-- TASK PROMPT --
Leaving the pictures aside, repeat every line below exactly.

-- INFORMATION PROVIDED --
+++
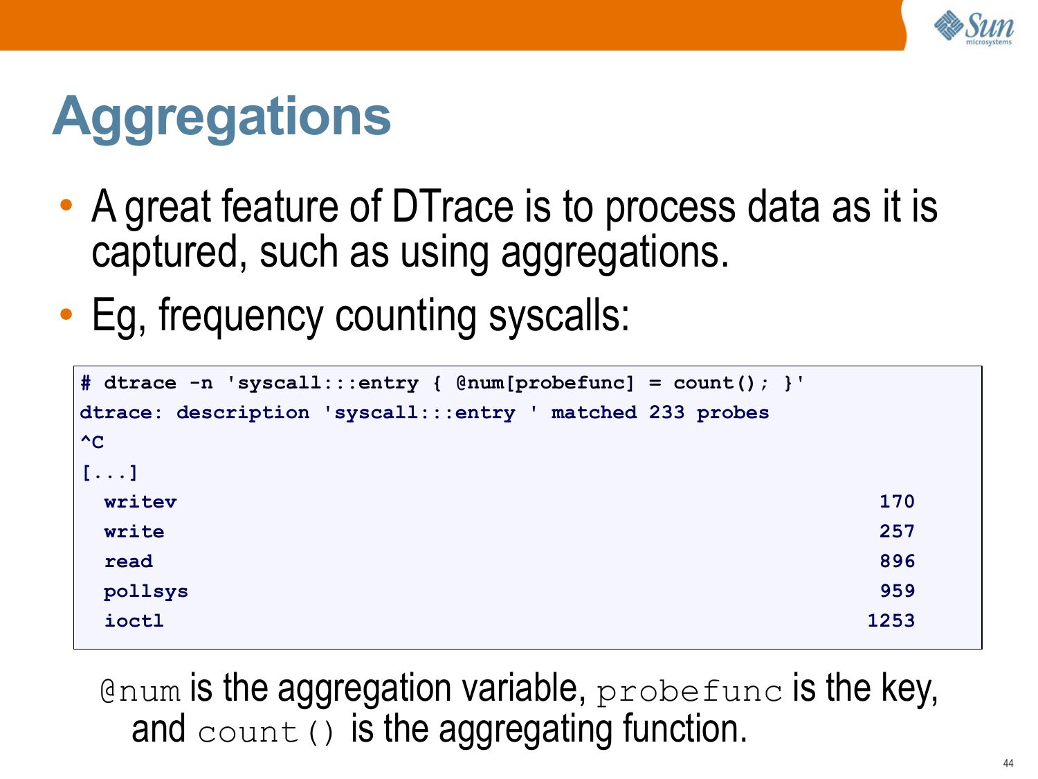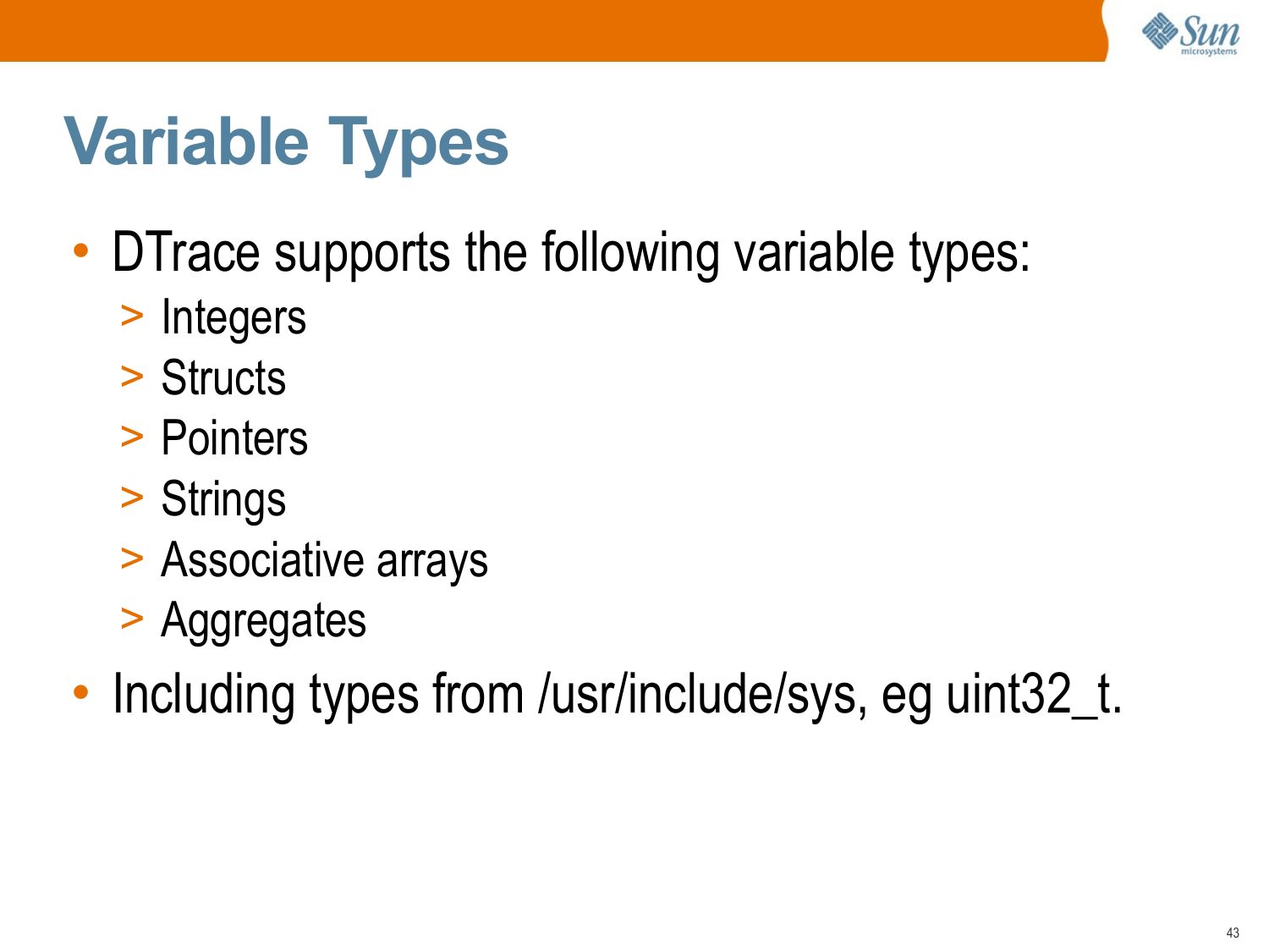 Variable Types • DTrace supports the following variable types: >gt; Integers >gt; Structs >gt; Pointers >gt; Strings >gt; Associative arrays >gt; Aggregates • Including types from /usr/include/sys, eg uint32_t.slide 44:
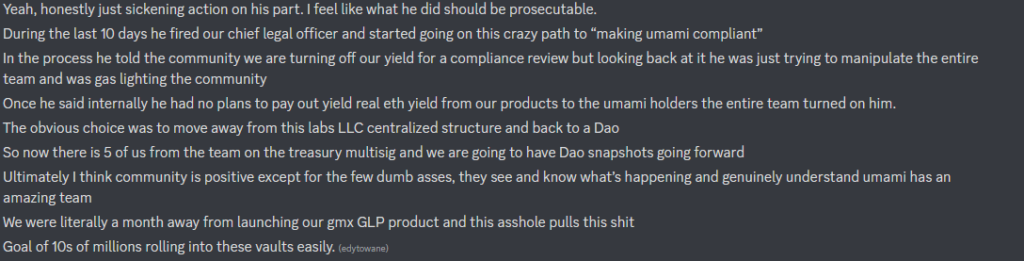 Fuck the CEO of @UmamiFinance #SCAM #FUD #FUCK pic.twitter.com/EfbIJYq5f6
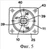 Как лучше всего видно из фиг.4, рядом с передней стороной 34 пластины 11 также выполнена кольцевая канавка, которая ограничена кольцеобразной плоской поверхностью 36 уступа и цилиндрической поверхностью 37. Ширина этой цилиндрической поверхности в предпочтительном случае может соответствовать ширине кольца 32 (поскольку она отсчитывается между плоскими противоположными поверхностями кольца), но может быть немного меньше, чем глубина канавки во фланце 25.
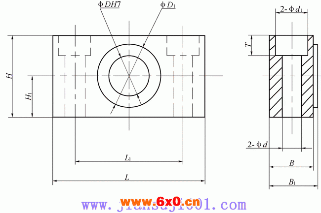 | 型号 | D | D1 | H | H1 | L | L1 | B | B1 | d | d1 | T |
+++
-- EXERCISE RESPONSE --
 Variable Types • DTrace supports the following variable types: >gt; Integers >gt; Structs >gt; Pointers >gt; Strings >gt; Associative arrays >gt; Aggregates • Including types from /usr/include/sys, eg uint32_t.slide 44:
 Fuck the CEO of @UmamiFinance #SCAM #FUD #FUCK pic.twitter.com/EfbIJYq5f6
 Как лучше всего видно из фиг.4, рядом с передней стороной 34 пластины 11 также выполнена кольцевая канавка, которая ограничена кольцеобразной плоской поверхностью 36 уступа и цилиндрической поверхностью 37. Ширина этой цилиндрической поверхности в предпочтительном случае может соответствовать ширине кольца 32 (поскольку она отсчитывается между плоскими противоположными поверхностями кольца), но может быть немного меньше, чем глубина канавки во фланце 25.
 | 型号 | D | D1 | H | H1 | L | L1 | B | B1 | d | d1 | T |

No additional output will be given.